= South Tyrolean Student association =

The South Tyrolean student association (Südtiroler HochschülerInnenschaft, associazione universitaria sudtirolese, Ladin: lia di studenc dl’universitè de südtirol) is the most important South Tyrolean association for students. The South Tyrolean student association is in particular special, as this association is not dependent on one place but has different offices in big university cities, mainly 1 head office in Bolzano and 7 branch offices, 4 of them in Austria and 3 in Italy. The sh.asus was founded in 1955 as a non-profit association. The most important function lies in the union representation of interest of the South Tyrolean students and the students who are studying in South Tyrol.

==Functions of the sh.asus==
The sh.asus is defined as an interethnic association. The most important function of the sh.asus is the representation of interests of the students in social and cultural concerns. The sh.asus takes stands, regarding cultural, social, political issues and after all in matters of educational policy. The sh.asus is therefore present in the public and gives inputs for new ideas or improvements. Furthermore, the sh.asus organizes cultural events and it is an important office for advice regarding studying and universities.

==Structure==
The association with the head office in Bolzano and the 7 branch offices are controlled by a committee, which is composed of the committees of the 7 branch offices. The head committee elects the president, who afterwards nominates speakers for the different areas where the sh.asus acts (i.e. cultural, political or social area).
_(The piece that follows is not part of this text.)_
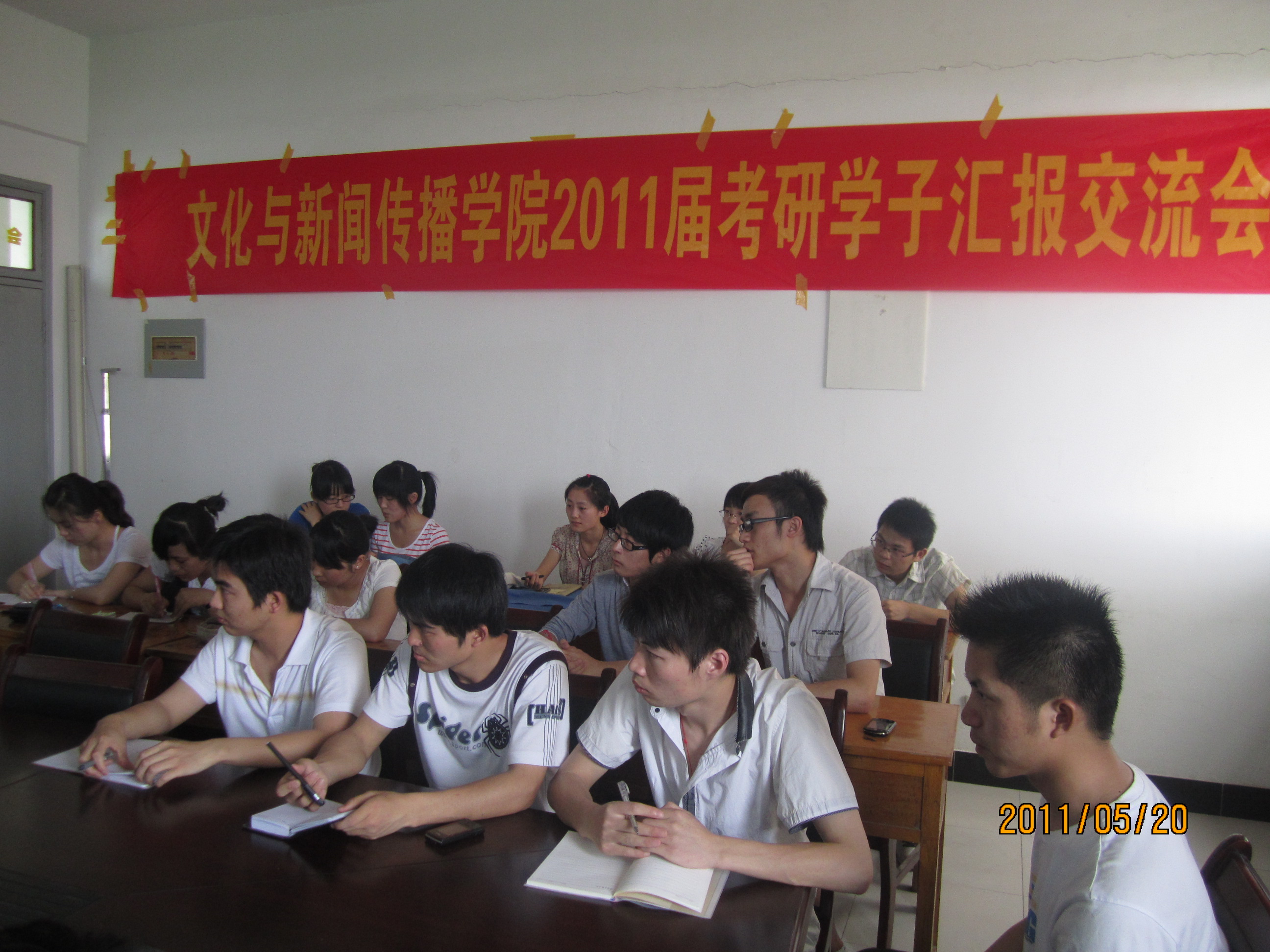 5月20日下午,文化与新闻传播公司召开考研学子经验交流会,朱小龙等4名今年考取硕士研究生的2007级学子耐心地为20多名有考研意向的学弟学妹解读各高校考研政策,分享交流考研心得。考研学子纷纷表示,考研是一个不断坚持的过程,既要慎重选择志愿,也要充满信心,更要调整好心态,以饱满的热情和充足的干劲面对这场攻坚战,才有成功的可能。中文系主任张器友教授、文传公司副经理鲍远福老师、行政秘书贺行佳老师出席本次交流会并讲话。张教授结合硕士生考试的命题原则和自己指导硕士研究生的经历鼓励有志考研2008级学子慎重选择志愿,坚定信念;鲍远福老师也结合自己考研和考博经历为有志考研的学子出谋划策,并希望同学们能够充分重视,积极备战,并祝愿大家取得好成绩。

===Head office in Bolzano===
The head office of the sh.asus is placed in Bolzano. There, 4 employees are working for the interests of more or less 15.000 students. The most important part of their working time is invested in advises for the students. All those who finish their high school have the possibility to be informed by the sh.asus regarding further studies and universities. A very important part of the advice is the online-application of the province for a student grant; nearly 1000 students come every year to the office to complete the request. Furthermore, the office in Bolzano offers also a gratis psychological advice for students.

===Branch offices===
The main part of the life in the association takes part in the branch offices. Beside Bolzano there exist 7 branch offices in Innsbruck, Graz, Salzburg, Vienna, Bologna, Padova and Trento. The branch offices offer lodging options and organize cultural events, as well as sport and fun events. Every student has the possibility to participate these events and also to introduce his own ideas and suggestions.

==Members==
Every person, who accepts the statutes of the sh.asus can become a member of it. The membership is open for all people, independent of their culture, language etc. However, only students have the passive right to vote. Currently, the sh.asus has more than 1000 members.

==Political activity==
The aspects and issues collected during the advises are put into practice in the political activity. The sh.asus is part of the political committee for university education in South Tyrol and has a right of co-determination. Under constant communication with the politicians, the sh.asus tries to improve everything around university studies. Traditional it is very important for the sh.asus to improve the Italian recognition of university degrees acquired in Austria.

==Cultural activity==
The third main point of the sh.asus is the cultural activity: At least two times a year, they publish the “Skolast”. The “Skolast” is a magazine, which was founded in 1956 and is therefore one of the oldest multilingual publications of South Tyrol. The idea of a magazine was realized after all by Rainer Seberich and Franz von Walther, and is nowadays one of the most popular projects of the sh.asus. The topics are chosen according to actual issues and problems of the students.

==History==
The sh.asus was founded in 1955 and has passed through a very moved but after all successful development since then.
In the 50s the sh.asus tried to improve the working possibilities in Italy for students who completed their study in Austria. Furthermore, the founders of the sh.asus published the first “Skolast” and started with professional advises for students.
In the 60s the sh.asus had to fight with political problems regarding the goals of their organization. Finally the sh.asus was divorces in two parties and the idea of a united student organization was at the risk to fail.

The “studentproblem” was a big issue also in the 70s and the sh.asus veered away in its opinion from the SVP (South Tyrol’s biggest political party). Furthermore, the sh.asus opened the organization for the Italian language students.

In the 80s the situation between the SVP and the sh.asus improved a lot. However the student association had again big problems; In the 90s the committee of the sh.asus took the South Tyrolean publishing house “Athesia” to court, as they had published some false facts about the financial situation of the sh.asus. Finally the sh.asus succeeded in overcoming the problems and is nowadays the most important South Tyrolean association for students.